» **Data entries**:
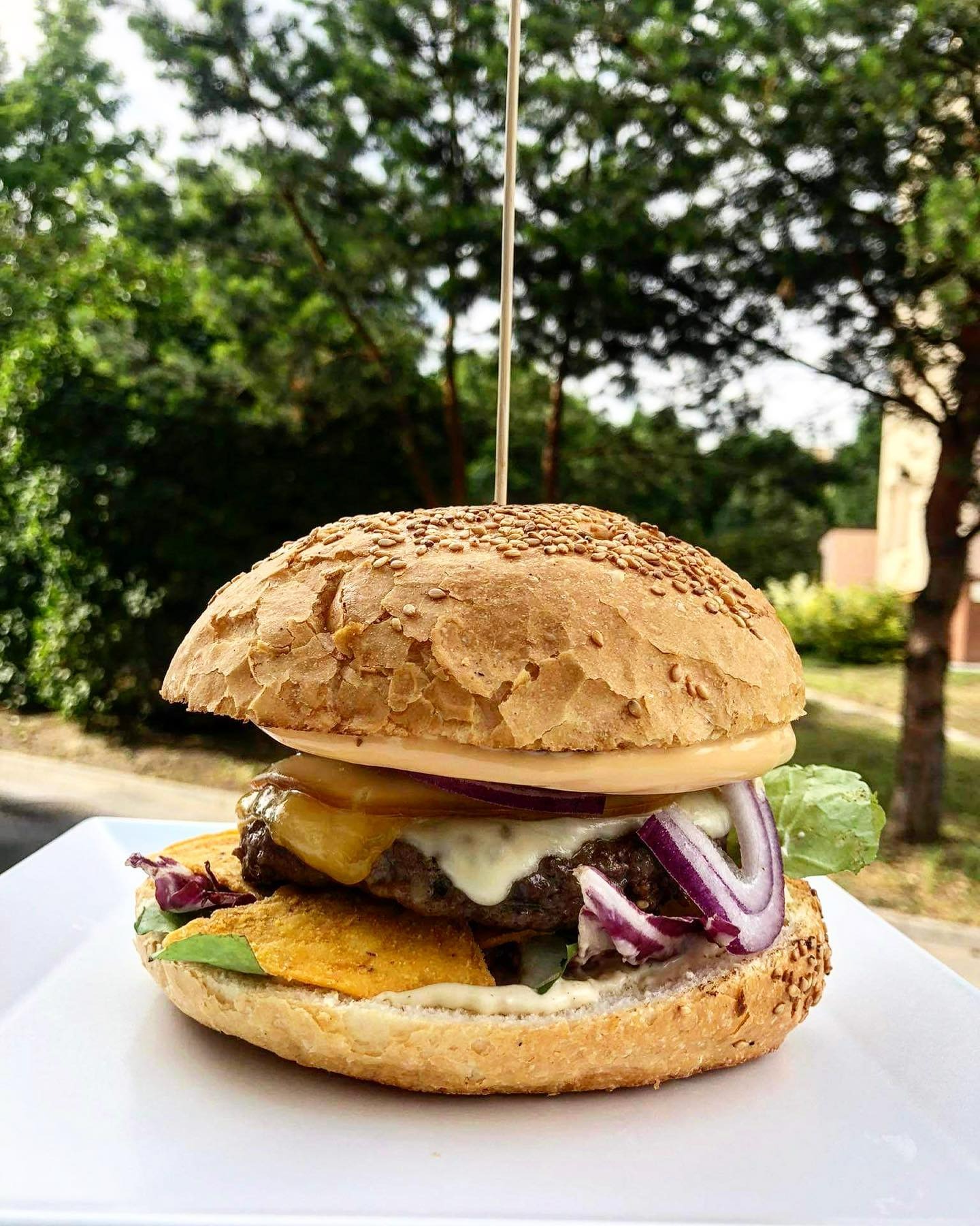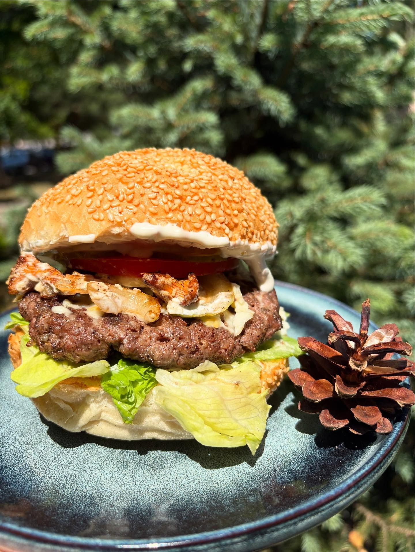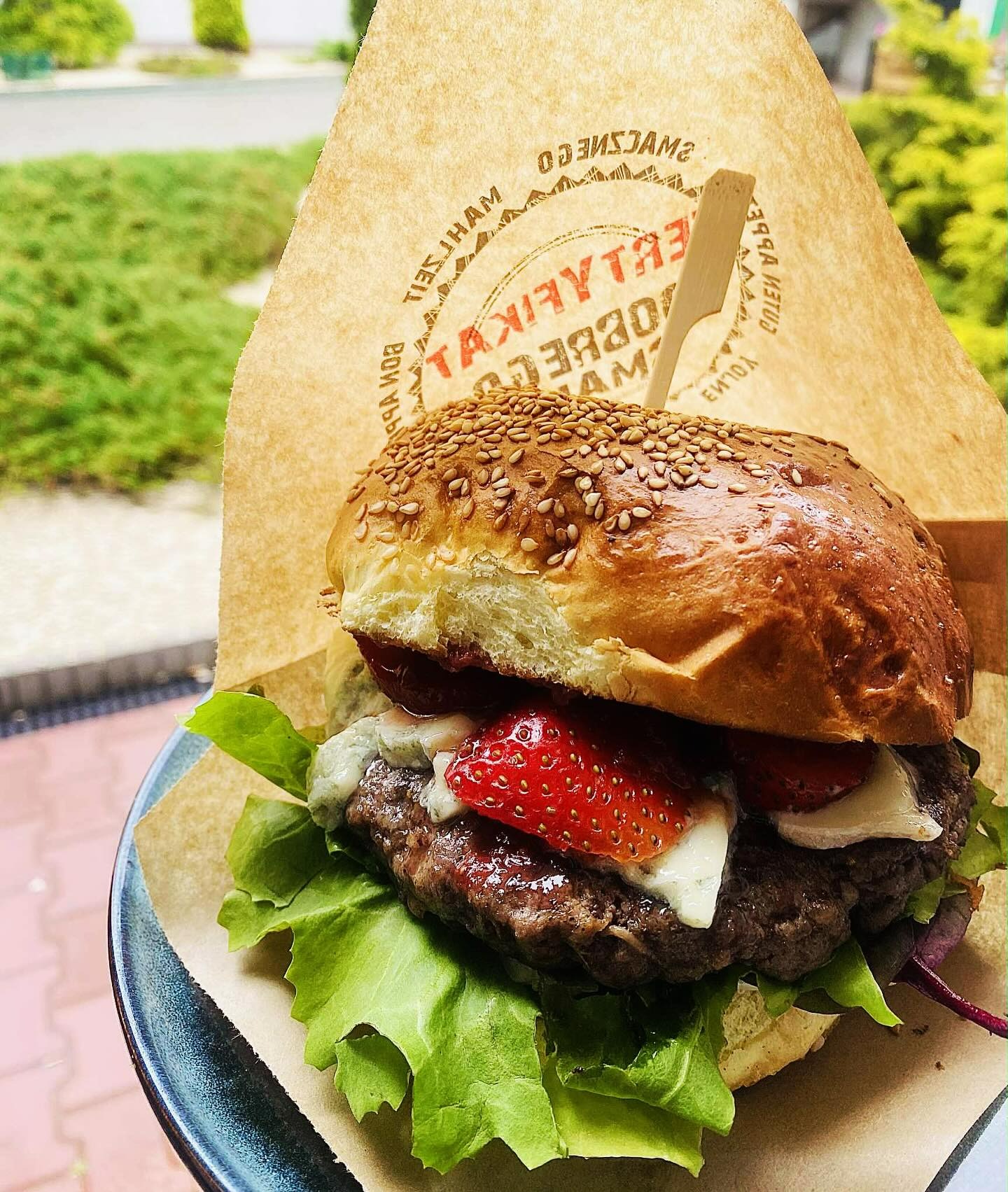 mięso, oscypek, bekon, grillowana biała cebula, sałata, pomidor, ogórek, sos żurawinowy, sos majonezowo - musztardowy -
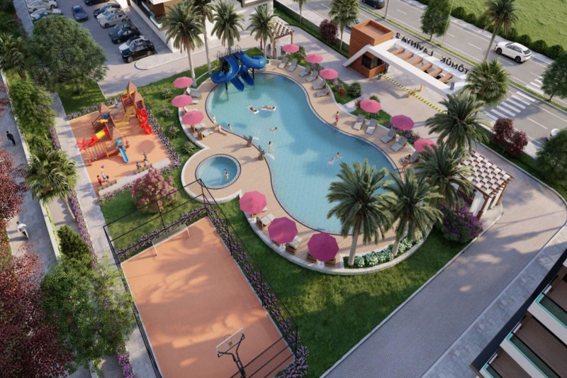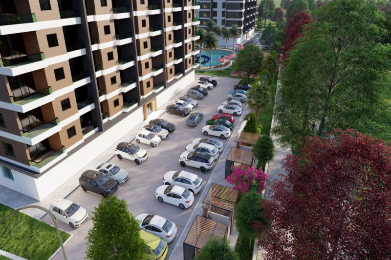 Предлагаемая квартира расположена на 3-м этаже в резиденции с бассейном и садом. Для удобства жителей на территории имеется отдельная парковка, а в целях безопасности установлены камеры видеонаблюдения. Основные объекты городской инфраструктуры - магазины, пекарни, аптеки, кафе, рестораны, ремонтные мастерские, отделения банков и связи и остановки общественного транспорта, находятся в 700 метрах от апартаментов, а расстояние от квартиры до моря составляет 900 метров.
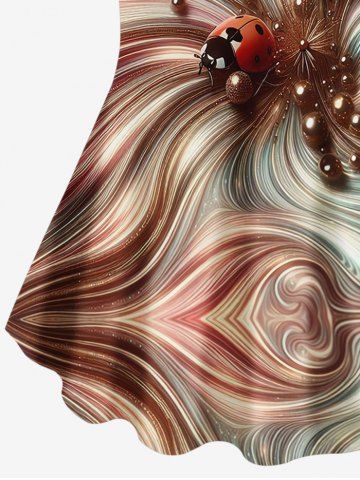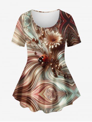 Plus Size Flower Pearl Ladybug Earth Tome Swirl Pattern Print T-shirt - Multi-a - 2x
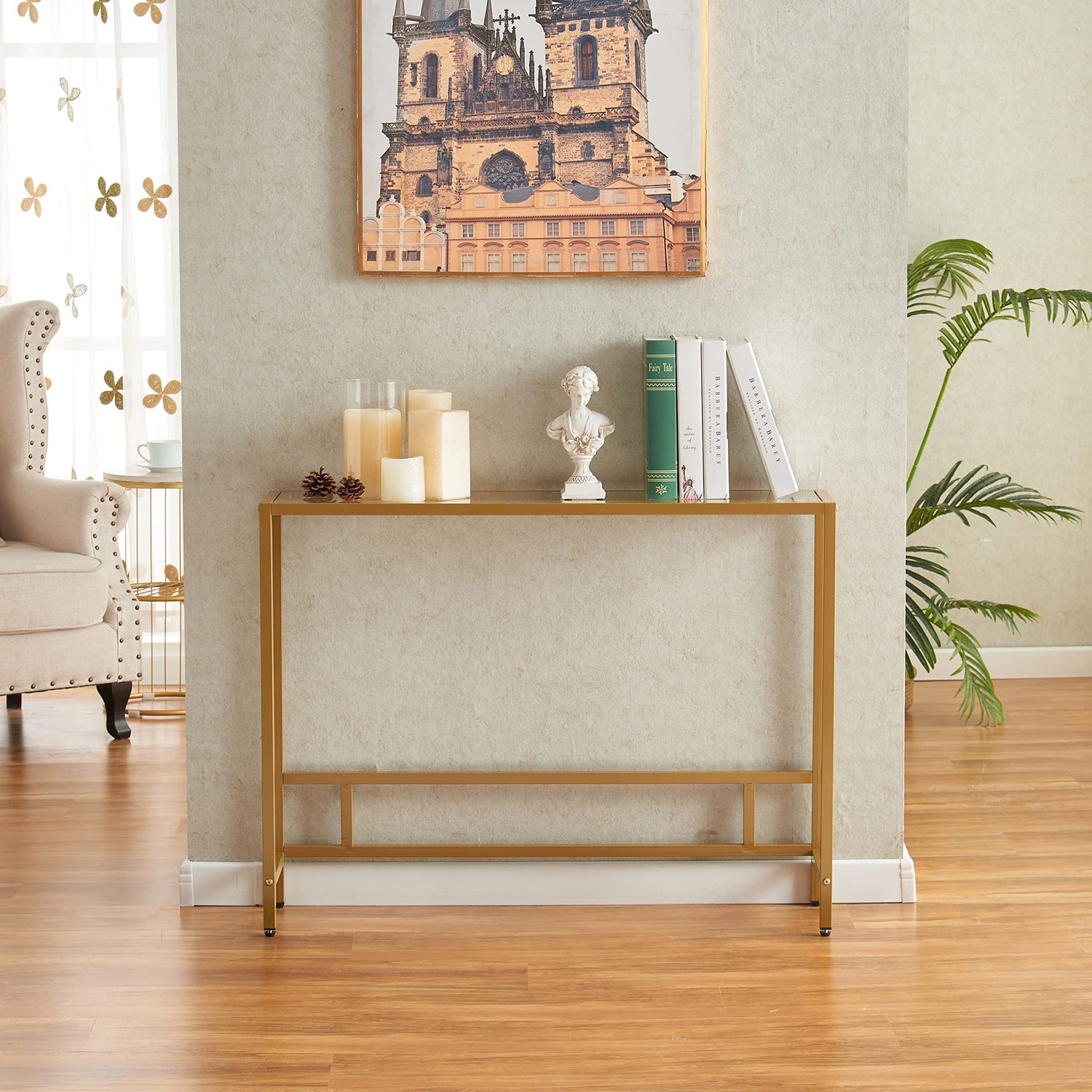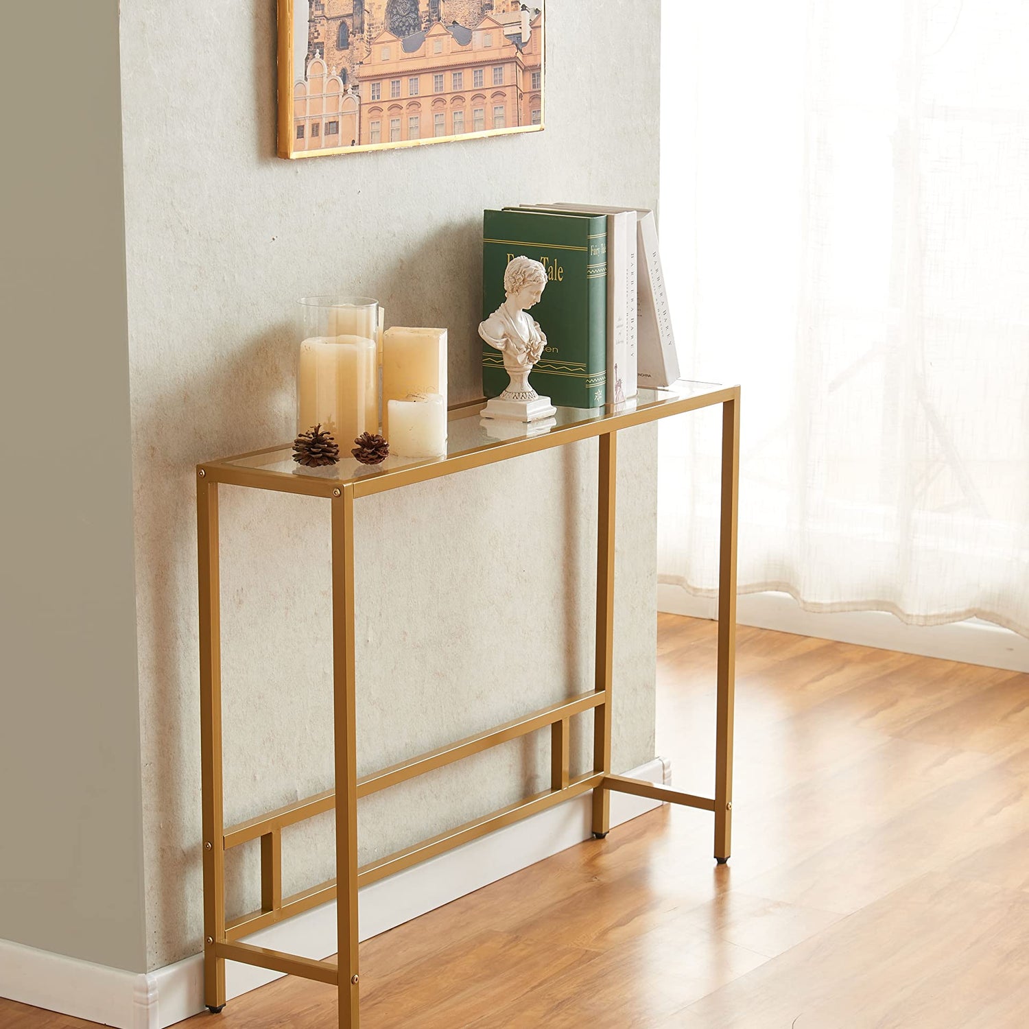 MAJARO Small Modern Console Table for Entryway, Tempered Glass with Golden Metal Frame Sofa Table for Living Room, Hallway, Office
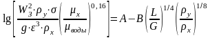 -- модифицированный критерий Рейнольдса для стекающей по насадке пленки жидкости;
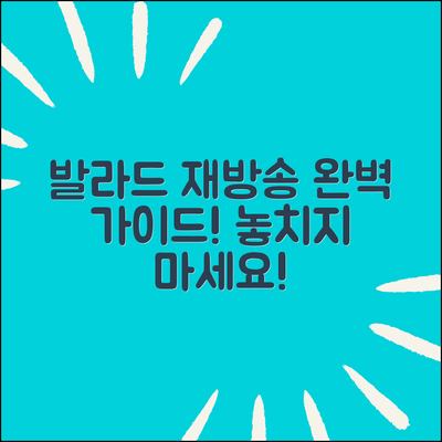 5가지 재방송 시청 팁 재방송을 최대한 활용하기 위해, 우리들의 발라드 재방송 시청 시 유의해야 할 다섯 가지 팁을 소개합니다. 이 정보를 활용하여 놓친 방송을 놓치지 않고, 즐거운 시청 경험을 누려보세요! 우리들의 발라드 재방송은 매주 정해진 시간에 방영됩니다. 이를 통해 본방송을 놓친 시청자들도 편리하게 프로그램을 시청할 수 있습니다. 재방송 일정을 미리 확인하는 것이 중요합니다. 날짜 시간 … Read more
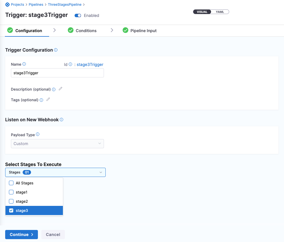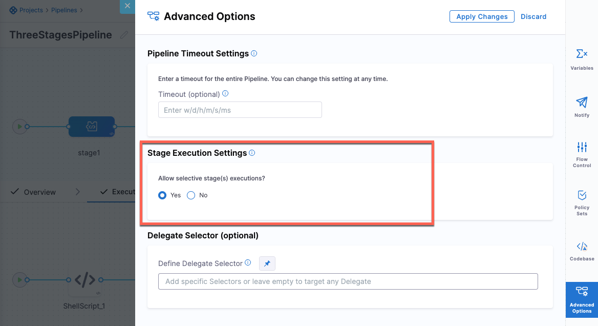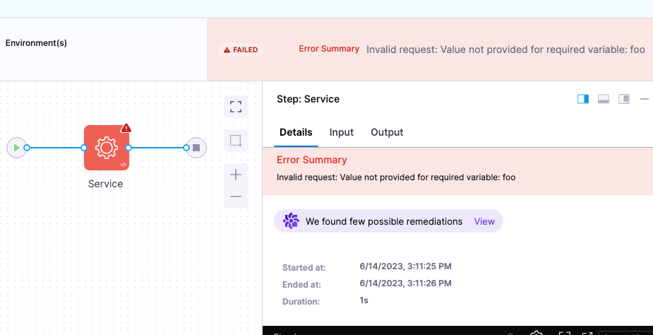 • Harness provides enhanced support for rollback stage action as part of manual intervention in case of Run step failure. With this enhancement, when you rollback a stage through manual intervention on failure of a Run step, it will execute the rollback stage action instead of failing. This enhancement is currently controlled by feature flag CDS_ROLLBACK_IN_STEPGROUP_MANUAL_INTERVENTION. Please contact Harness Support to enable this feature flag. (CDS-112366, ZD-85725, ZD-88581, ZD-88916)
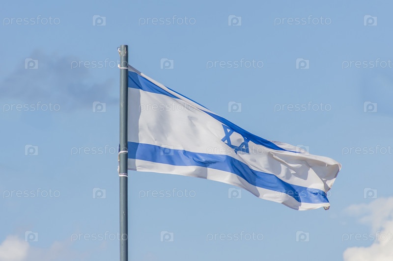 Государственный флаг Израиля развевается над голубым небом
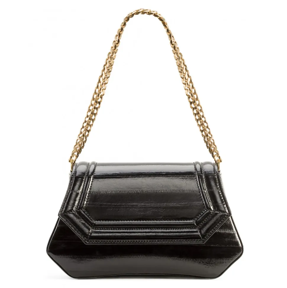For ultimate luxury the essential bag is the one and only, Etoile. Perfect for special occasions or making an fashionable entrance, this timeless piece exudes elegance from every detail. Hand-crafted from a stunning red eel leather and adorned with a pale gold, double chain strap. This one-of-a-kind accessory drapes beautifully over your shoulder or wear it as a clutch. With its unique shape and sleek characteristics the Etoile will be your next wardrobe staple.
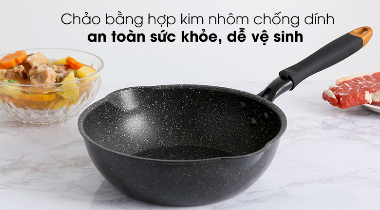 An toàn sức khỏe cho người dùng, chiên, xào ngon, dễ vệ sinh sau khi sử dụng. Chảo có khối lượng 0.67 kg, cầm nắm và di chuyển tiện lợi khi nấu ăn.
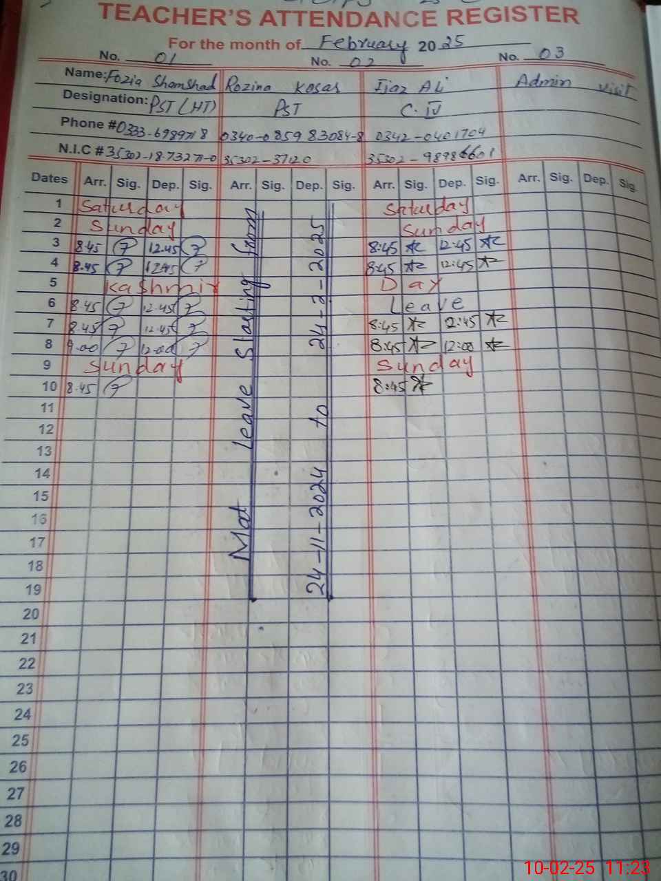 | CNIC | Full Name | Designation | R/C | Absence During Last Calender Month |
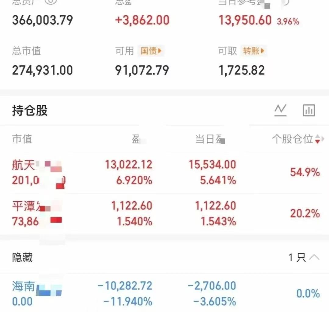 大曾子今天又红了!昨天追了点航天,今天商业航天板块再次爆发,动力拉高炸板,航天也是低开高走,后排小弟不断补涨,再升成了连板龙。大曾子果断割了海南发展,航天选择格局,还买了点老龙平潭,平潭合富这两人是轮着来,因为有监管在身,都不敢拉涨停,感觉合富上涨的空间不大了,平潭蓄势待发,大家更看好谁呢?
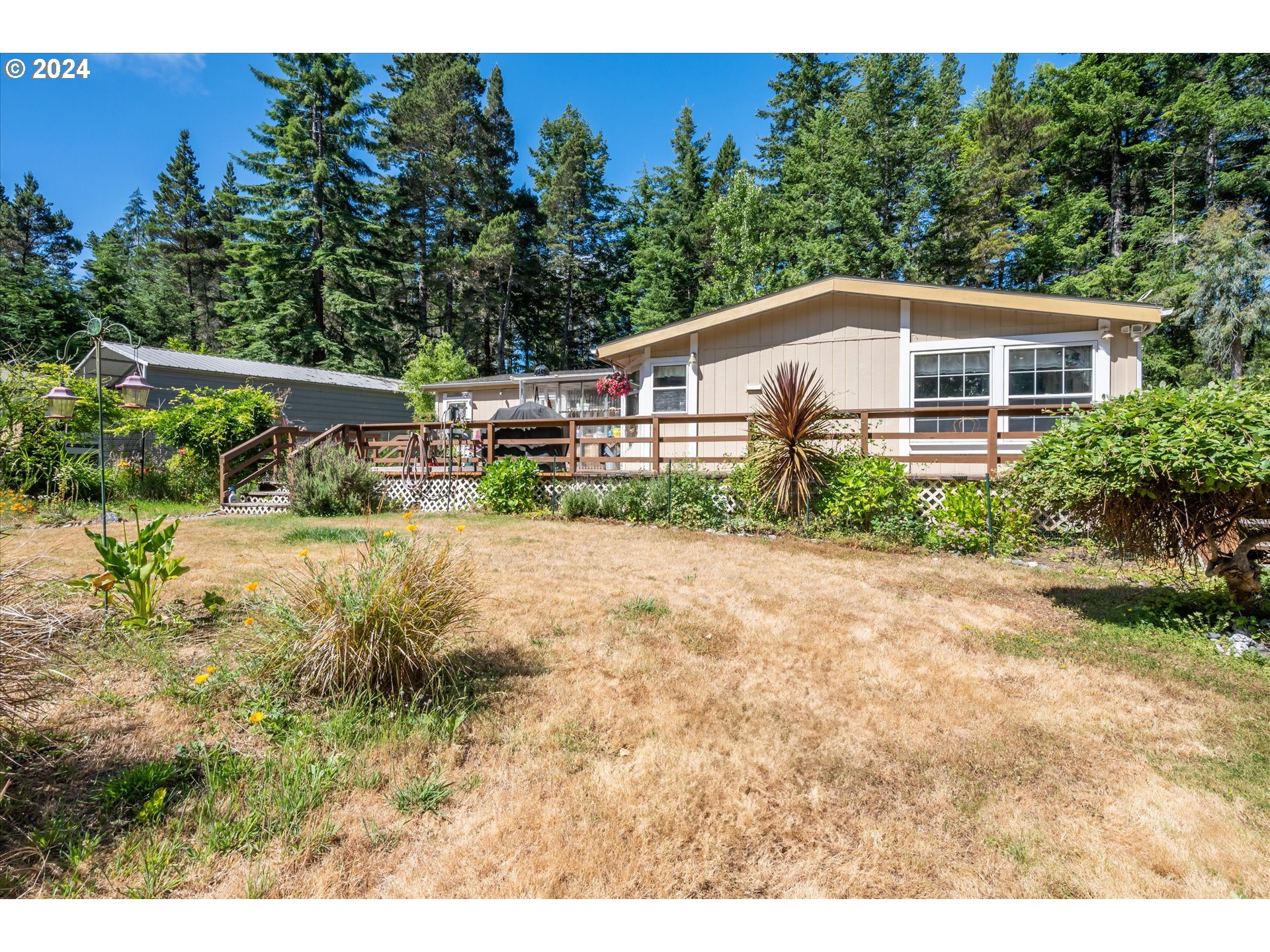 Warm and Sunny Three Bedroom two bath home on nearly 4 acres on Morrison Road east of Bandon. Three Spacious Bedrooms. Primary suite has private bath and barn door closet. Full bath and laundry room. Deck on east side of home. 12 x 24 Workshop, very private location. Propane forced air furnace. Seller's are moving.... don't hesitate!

» **TASK PROMPT**: What is needed is a word-for-word copy of the data above, free of any images.

» **YOUR RESPONSE**:
 mięso, oscypek, bekon, grillowana biała cebula, sałata, pomidor, ogórek, sos żurawinowy, sos majonezowo - musztardowy -
 Предлагаемая квартира расположена на 3-м этаже в резиденции с бассейном и садом. Для удобства жителей на территории имеется отдельная парковка, а в целях безопасности установлены камеры видеонаблюдения. Основные объекты городской инфраструктуры - магазины, пекарни, аптеки, кафе, рестораны, ремонтные мастерские, отделения банков и связи и остановки общественного транспорта, находятся в 700 метрах от апартаментов, а расстояние от квартиры до моря составляет 900 метров.
 Plus Size Flower Pearl Ladybug Earth Tome Swirl Pattern Print T-shirt - Multi-a - 2x
 MAJARO Small Modern Console Table for Entryway, Tempered Glass with Golden Metal Frame Sofa Table for Living Room, Hallway, Office
 -- модифицированный критерий Рейнольдса для стекающей по насадке пленки жидкости;
 5가지 재방송 시청 팁 재방송을 최대한 활용하기 위해, 우리들의 발라드 재방송 시청 시 유의해야 할 다섯 가지 팁을 소개합니다. 이 정보를 활용하여 놓친 방송을 놓치지 않고, 즐거운 시청 경험을 누려보세요! 우리들의 발라드 재방송은 매주 정해진 시간에 방영됩니다. 이를 통해 본방송을 놓친 시청자들도 편리하게 프로그램을 시청할 수 있습니다. 재방송 일정을 미리 확인하는 것이 중요합니다. 날짜 시간 … Read more
 • Harness provides enhanced support for rollback stage action as part of manual intervention in case of Run step failure. With this enhancement, when you rollback a stage through manual intervention on failure of a Run step, it will execute the rollback stage action instead of failing. This enhancement is currently controlled by feature flag CDS_ROLLBACK_IN_STEPGROUP_MANUAL_INTERVENTION. Please contact Harness Support to enable this feature flag. (CDS-112366, ZD-85725, ZD-88581, ZD-88916)
 Государственный флаг Израиля развевается над голубым небом
For ultimate luxury the essential bag is the one and only, Etoile. Perfect for special occasions or making an fashionable entrance, this timeless piece exudes elegance from every detail. Hand-crafted from a stunning red eel leather and adorned with a pale gold, double chain strap. This one-of-a-kind accessory drapes beautifully over your shoulder or wear it as a clutch. With its unique shape and sleek characteristics the Etoile will be your next wardrobe staple.
 An toàn sức khỏe cho người dùng, chiên, xào ngon, dễ vệ sinh sau khi sử dụng. Chảo có khối lượng 0.67 kg, cầm nắm và di chuyển tiện lợi khi nấu ăn.
 | CNIC | Full Name | Designation | R/C | Absence During Last Calender Month |
 大曾子今天又红了!昨天追了点航天,今天商业航天板块再次爆发,动力拉高炸板,航天也是低开高走,后排小弟不断补涨,再升成了连板龙。大曾子果断割了海南发展,航天选择格局,还买了点老龙平潭,平潭合富这两人是轮着来,因为有监管在身,都不敢拉涨停,感觉合富上涨的空间不大了,平潭蓄势待发,大家更看好谁呢?
 Warm and Sunny Three Bedroom two bath home on nearly 4 acres on Morrison Road east of Bandon. Three Spacious Bedrooms. Primary suite has private bath and barn door closet. Full bath and laundry room. Deck on east side of home. 12 x 24 Workshop, very private location. Propane forced air furnace. Seller's are moving.... don't hesitate!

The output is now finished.